Dataset content
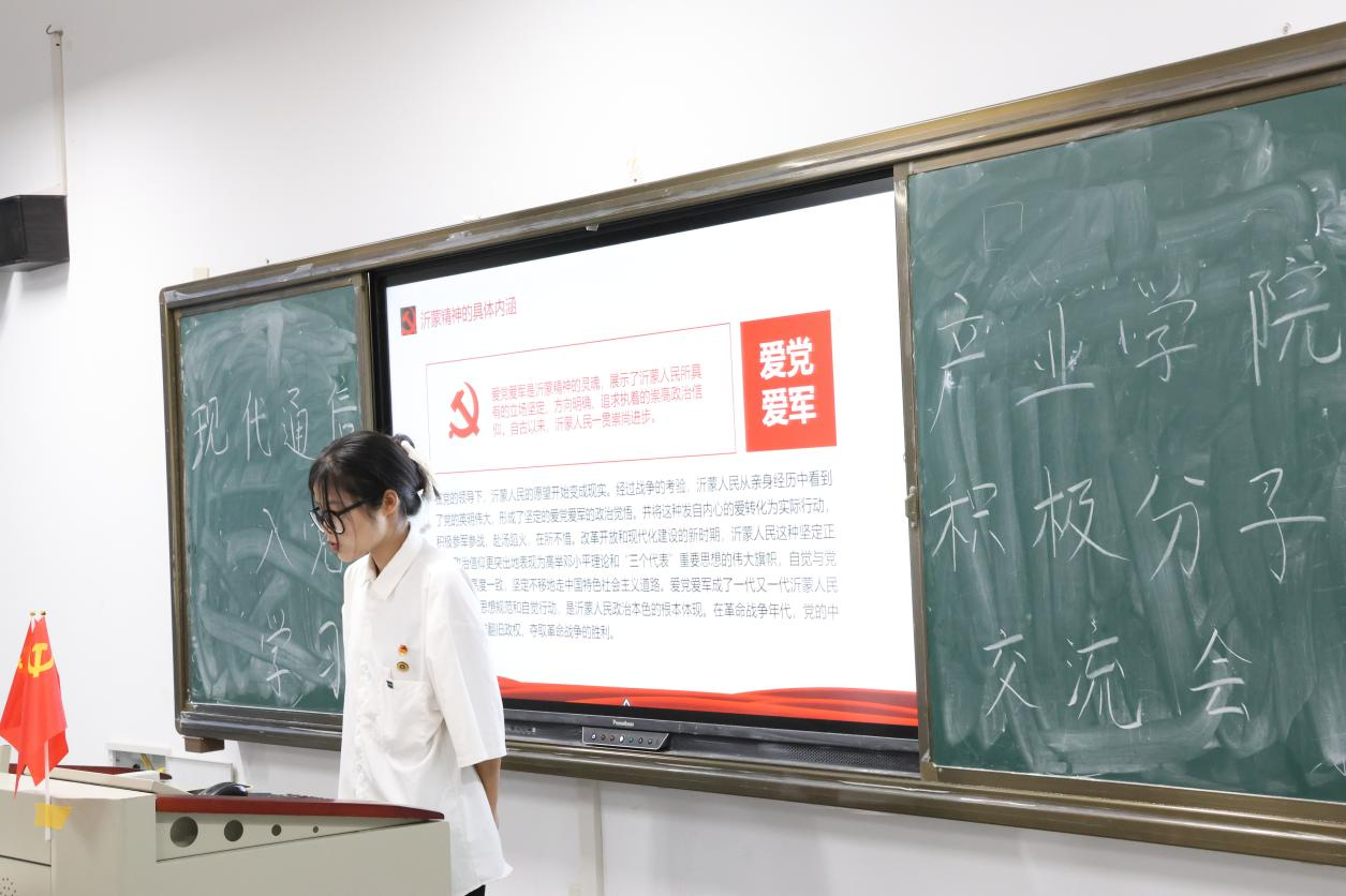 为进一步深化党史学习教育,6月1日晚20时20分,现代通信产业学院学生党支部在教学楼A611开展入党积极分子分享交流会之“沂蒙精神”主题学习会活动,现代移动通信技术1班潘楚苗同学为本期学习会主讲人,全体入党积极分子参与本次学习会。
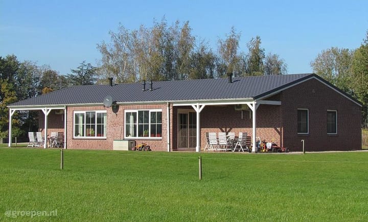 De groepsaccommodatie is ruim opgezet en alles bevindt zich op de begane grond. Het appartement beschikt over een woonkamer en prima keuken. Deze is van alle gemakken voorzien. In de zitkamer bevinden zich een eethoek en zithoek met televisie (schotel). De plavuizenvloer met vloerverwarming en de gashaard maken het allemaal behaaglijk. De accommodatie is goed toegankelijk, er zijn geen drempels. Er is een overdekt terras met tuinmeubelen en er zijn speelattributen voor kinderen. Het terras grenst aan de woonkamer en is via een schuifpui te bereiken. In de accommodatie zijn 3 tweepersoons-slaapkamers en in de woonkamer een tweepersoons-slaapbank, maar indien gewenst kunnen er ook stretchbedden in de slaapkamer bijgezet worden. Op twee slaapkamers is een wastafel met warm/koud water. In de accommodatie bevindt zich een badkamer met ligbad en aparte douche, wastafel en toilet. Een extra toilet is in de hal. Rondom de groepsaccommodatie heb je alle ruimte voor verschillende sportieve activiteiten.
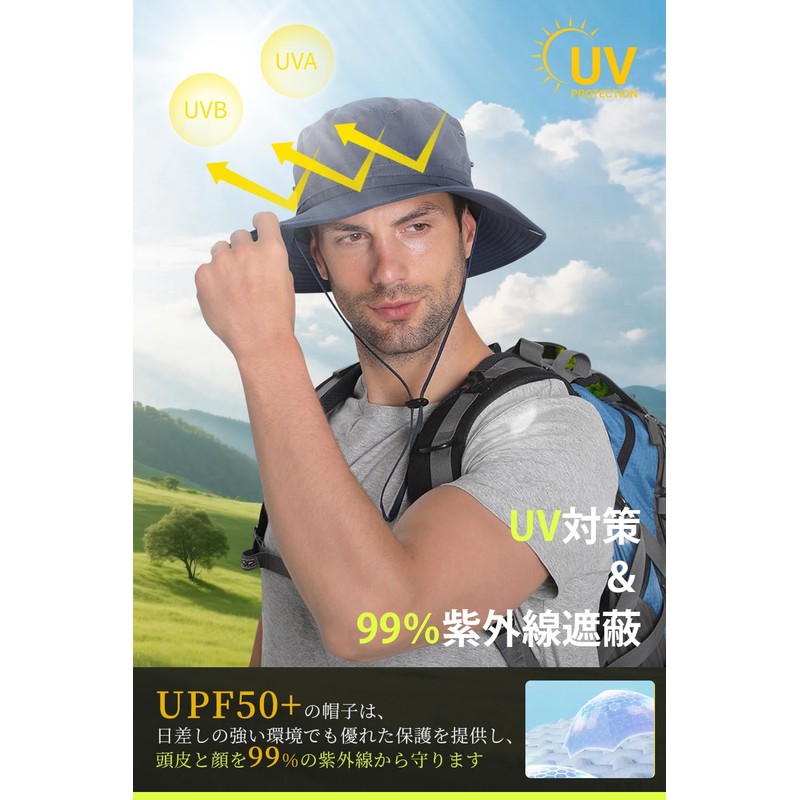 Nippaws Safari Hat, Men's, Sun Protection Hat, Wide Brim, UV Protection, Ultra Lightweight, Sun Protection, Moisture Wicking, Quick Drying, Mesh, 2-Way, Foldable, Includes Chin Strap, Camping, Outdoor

Problem requirements
Set down again, exactly, the lines of the material above from its first line to the one with "De groepsaccommodatie is", inclusive. Leave the pictures out.

Answer space
 为进一步深化党史学习教育,6月1日晚20时20分,现代通信产业学院学生党支部在教学楼A611开展入党积极分子分享交流会之“沂蒙精神”主题学习会活动,现代移动通信技术1班潘楚苗同学为本期学习会主讲人,全体入党积极分子参与本次学习会。
 De groepsaccommodatie is ruim opgezet en alles bevindt zich op de begane grond. Het appartement beschikt over een woonkamer en prima keuken. Deze is van alle gemakken voorzien. In de zitkamer bevinden zich een eethoek en zithoek met televisie (schotel). De plavuizenvloer met vloerverwarming en de gashaard maken het allemaal behaaglijk. De accommodatie is goed toegankelijk, er zijn geen drempels. Er is een overdekt terras met tuinmeubelen en er zijn speelattributen voor kinderen. Het terras grenst aan de woonkamer en is via een schuifpui te bereiken. In de accommodatie zijn 3 tweepersoons-slaapkamers en in de woonkamer een tweepersoons-slaapbank, maar indien gewenst kunnen er ook stretchbedden in de slaapkamer bijgezet worden. Op twee slaapkamers is een wastafel met warm/koud water. In de accommodatie bevindt zich een badkamer met ligbad en aparte douche, wastafel en toilet. Een extra toilet is in de hal. Rondom de groepsaccommodatie heb je alle ruimte voor verschillende sportieve activiteiten.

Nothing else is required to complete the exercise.